You get "strange" results because, under OS/2, your program is
not talking directly to any hardware.  Rather, OS/2 is using a protected
mode handler located in a virtual device driver (VDD) to trap your attempts
to access the timer hardware, and the timer is actually emulated or
"virtualized" in software by the VDD.  As you can imagine, this
would more than explain why you are getting results which you think are
"strange."

 GVA> My question is if there is a way or function (better in ASM,
 GVA> so I keep the portability) to get the time that a process is
 GVA> running, so instead get the real time I get the time that
 GVA> uses my process at execution.

In fact, there is no way for an OS/2 application program -- native or DOS
-- to be guaranteed an uninterrupted run without possibility of preemption.
 This can be done from inside an OS/2 device driver, but that is
essentially a ridiculous approach for your purposes.

 GVA> Other question, with the HD I also have troubles with OS/2.
 GVA> To detect SCSI I have no problem but to detect IDE drives, I
 GVA> use the HD's ROM BIOS (making inport() from the IDE port
 GVA> 0x1F) but sometimes the computer hangs :-? OS/2 gets all
 GVA> ports or let the programmer use it like he want? 

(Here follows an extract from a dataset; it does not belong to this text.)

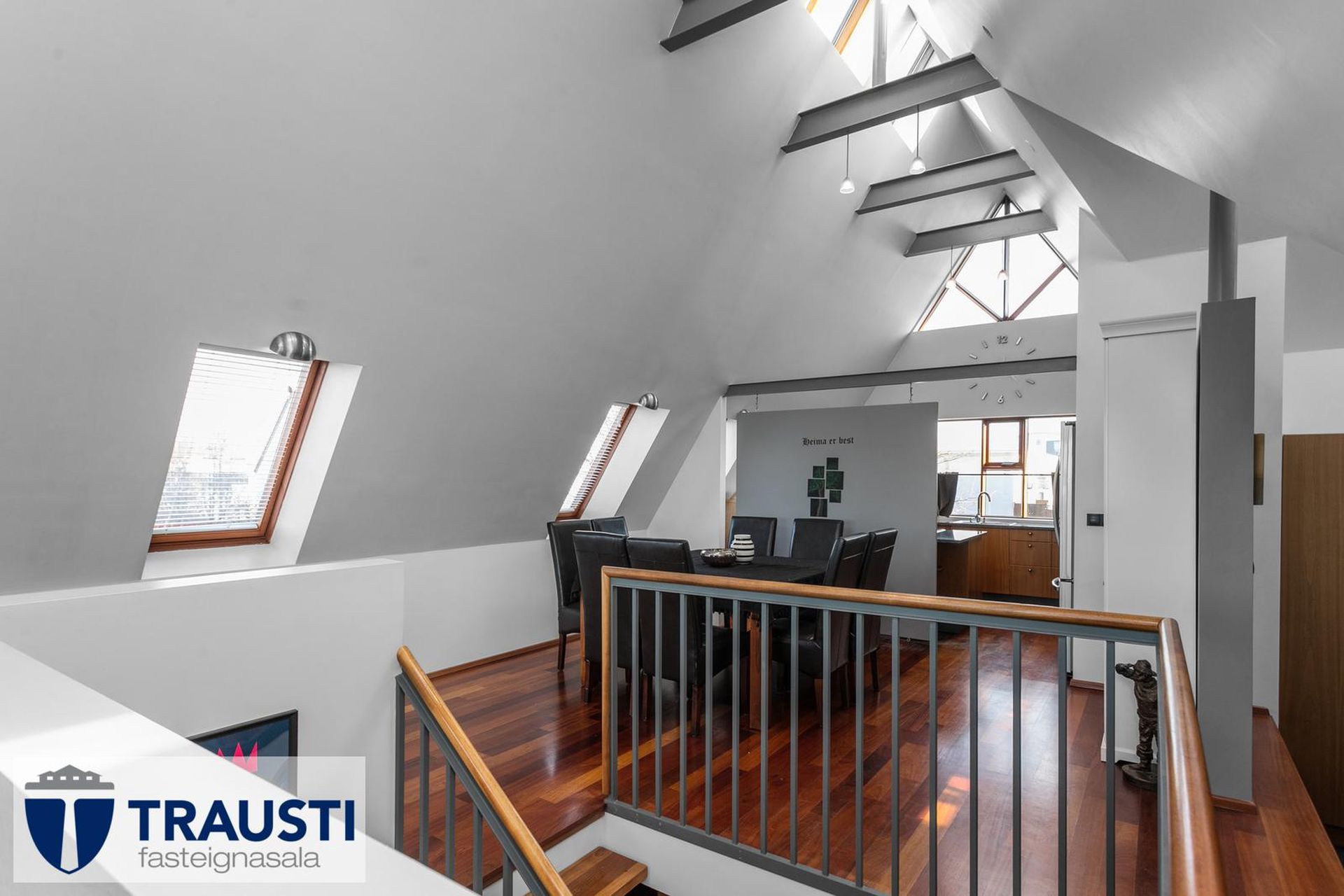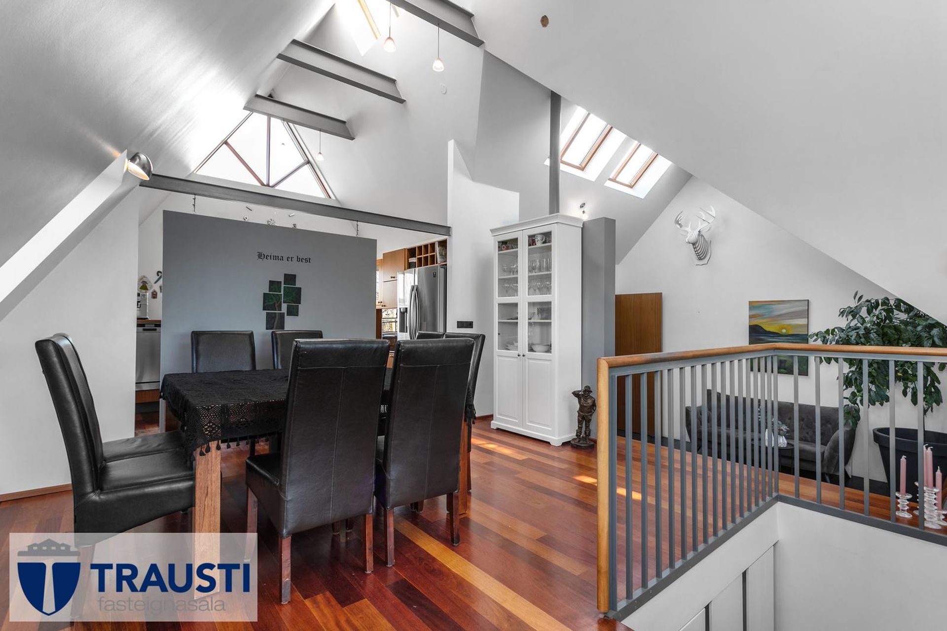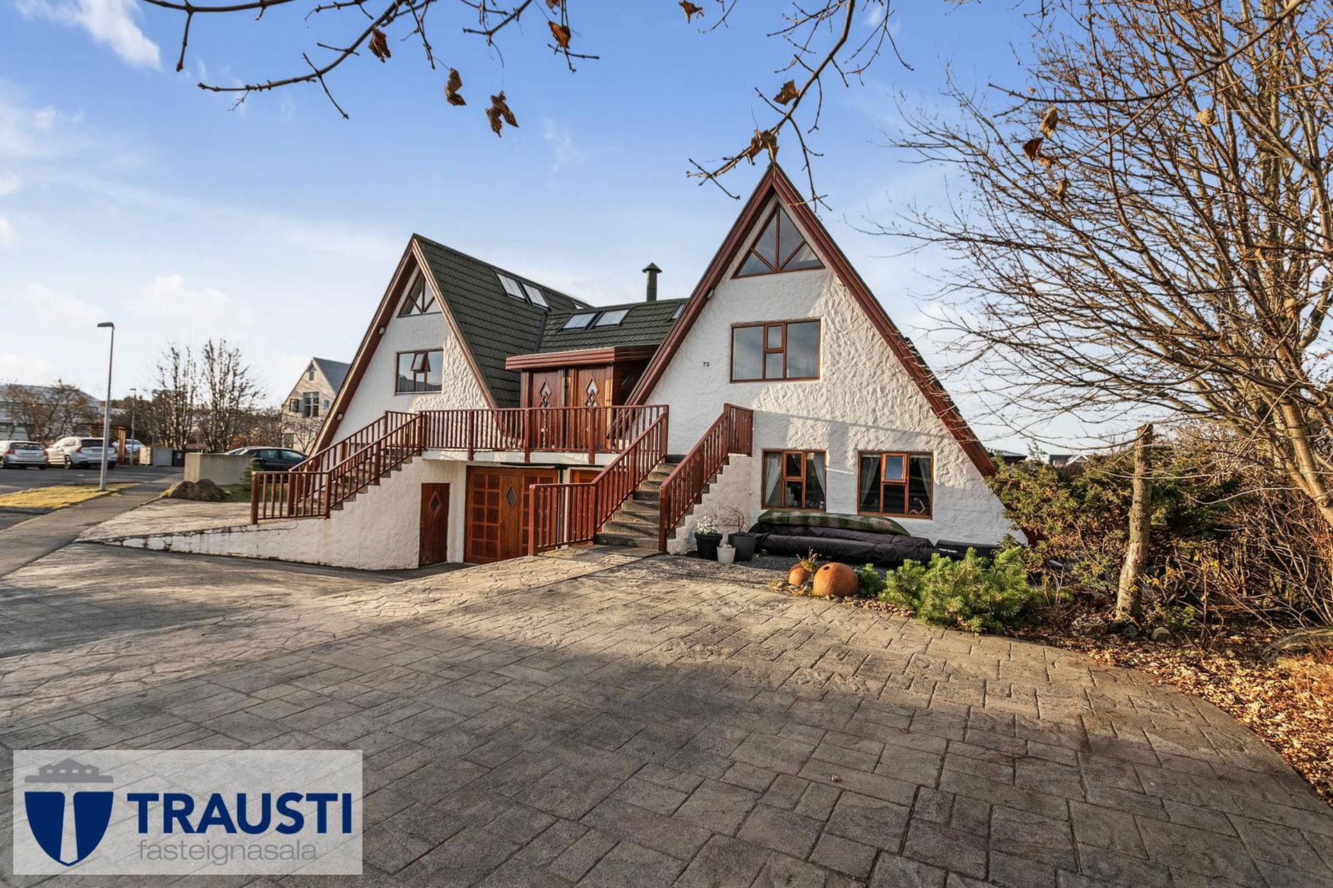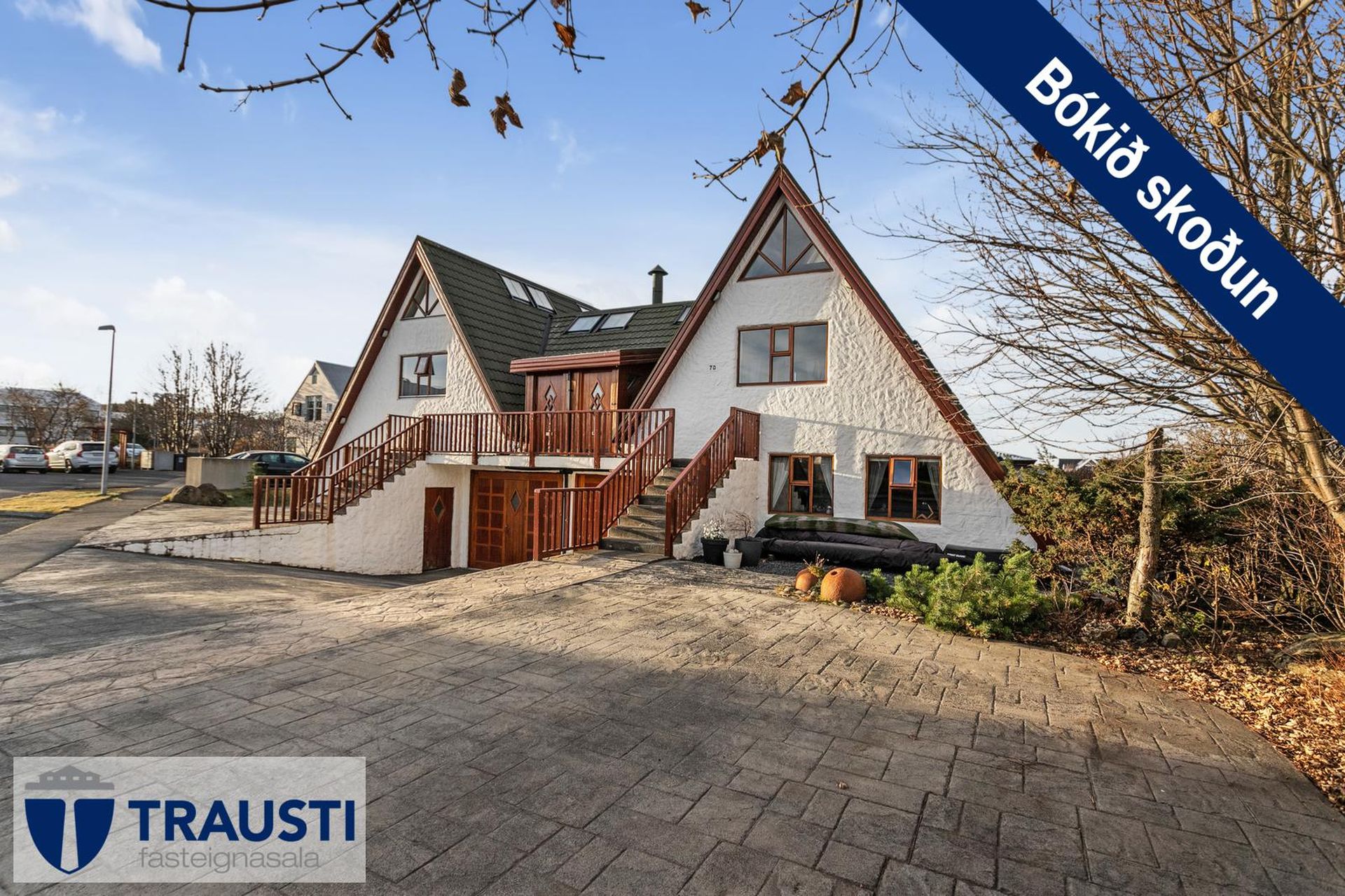 Fallegt 6 herbergja parhús teiknað af Vífil Magnússyni með aukinni lofthæð og innbyggðum bílskúr á mjög góðum stað í botnlangagötu við Krókamýri 70 í Garðabæ. Virkilega flott eign með sólríkum palli, heitur pottur og hiti er í stétt og tröppum. Göngustígar að grunnskóla, leikskóla, íþróttaaðstöðu, leiksvæði og sundlaug, þarf ekki að fara yfir umferðargötu. Seljendur skoðar skipti á minni eign í Garðabæ.Eignin er skráð skv. Þjóðskrá Íslands alls 183,6fm og þar af er innbyggður bílskúr 42fm. Gólfflötur eiganrinnar er stærri en uppgefnir fermetrar eru.Nánari lýsing:Efri hæð:Anddyri rúmgott með flísum á gólfi.Gestasalerni með upphengdu salerni, vask og flísar á gólfi.Hol rúmgott með flísum á gólfi. Útgengt er út á steyptar svalir sem vísa út í garð og stigi liggur niður á pallinn. Eldhús með eyju, granít borðplötur, helluborð, innbyggð uppþvottavél, pláss fyrir tvöfaldan ísskáp, ofn í vinnuhæð og parket á gólfi. Upphengd veggplata skilur að eldhús og stofu og því auðvelt að opna á milli.Stofa/borðstofa björt og rúmgóð með aukinni lofthæð með parketi á gólfi. Stigi liggur niður á neðri hæð hússins úr stofunni. Neðri hæðSjónvarpshol rúmgott með flísum á gólfi.Baðherbergi með innangengdri sturtu, glugga, upphengdu salerni og flísar í hólf og gólf. Útgegni út á rúmgóðan og sólríkan pall með heitum potti.Hjónaherbergi rúmgott með fataherbergi og parketi á gólfi.Svefnherbergi 1 rúmgott með parketi á gólfi.Svefnherbergi 2 rúmgott með parketi á gólfi.Herbergi 3 með glugga og teppi á gólfi. Skv. teiknginum á að vera þar þvottahús og eru lagnir og niðurfall til staðar. Bílskúr er mjög rúmgóður og skráður 42 fm. Hluti af honum hefur verið nýttur sem þvottahús og geymsla. Þvottahús með glugga með opnanlegu fagi, tengi fyrir þvottavél og þurrkara og flotað gólf.Frábær staðsetning þar sem göngufæri er í skóla og stutt í alla þjónustu. Allar nánari upplýsingar veitir Guðbjörg G. Sveinbjörnsdóttir löggiltur fasteignasali í síma 889-5949 eða á netfanginu . Forsendur söluyfirlits: Söluyfirlit er samið af fasteignasala í samræmi við ákvæði laga nr. 70/2015. Þær upplýsingar sem fram koma í söluyfirliti þessu eru sóttar í opinberar skrár, til seljanda sjálfs og eftir atvikum til húsfélags. Seljandi veitir upplýsingar um eign í samræmi við upplýsingaskyldu laga um fasteignakaup nr. 40/2002. Fasteignasali sannreynir að þær upplýsingar séu réttar með sjónskoðun á eigninni. Fasteignasali getur ekki fullyrt um ástand og eiginleika þeirra hluta fasteigna sem ekki eru aðgengilegir og sjást ekki berum augum, t.d. lagnir, dren, skólp og þak. Skoðunarskylda: Í lögum um fasteignakaup nr. 40/2002 er kveðið á um ríka skoðunarskyldu kaupenda á fasteignum. Vill Trausti fasteignasala því benda væntanlegum kaupendum á að kynna sér vel ástand fasteigna fyrir kauptilboðsgerð og leita til þar til bærra sérfræðinga um nánari skoðun ef þurfa þykir.Gjöld sem kaupandi þarf að standa straum af vegna kaupanna:1. Stimpilgjald af kaupsamningi, fyrstu kaup (0,4%), almenn kaup (0,8%), lögaðilar (1,6%) af heildarfasteignamati.2. Þinglýsingargjald af kaupsamningi, veðskuldabréfi, mögulegu veðleyfi o.fl. - kr. 2.700 af hverju skjali.3. Lántökugjald lánastofnunar er skv. verðskrá viðkomandi lánastofnunar. Nánari upplýsingar á t.d. heimasíðu lánastofnana.4. Umsýslugjald til fasteignasölu skv. kauptilboði.

OS/2 completely bypasses the ROM BIOS execept in certain very specific
cases.  Generally, the IBM1S506.ADD protected mode driver will own the IDE
controllers and their ports.  Depending upon the particular machine
configuration and the version of IBM1S506.ADD loaded, it can happen that
poking around on the ports will crash the machine.

You are trying to do hardware diagnostic tests that degrade to meaningless
operations under any protected mode operating system.  OS/2 is specifically
designed to intercept the kinds of things your program does, and it is
working as designed.  There is no realistic way to make invasive hardware
diagnostic programs work under OS/2, nor is there any reason to do so.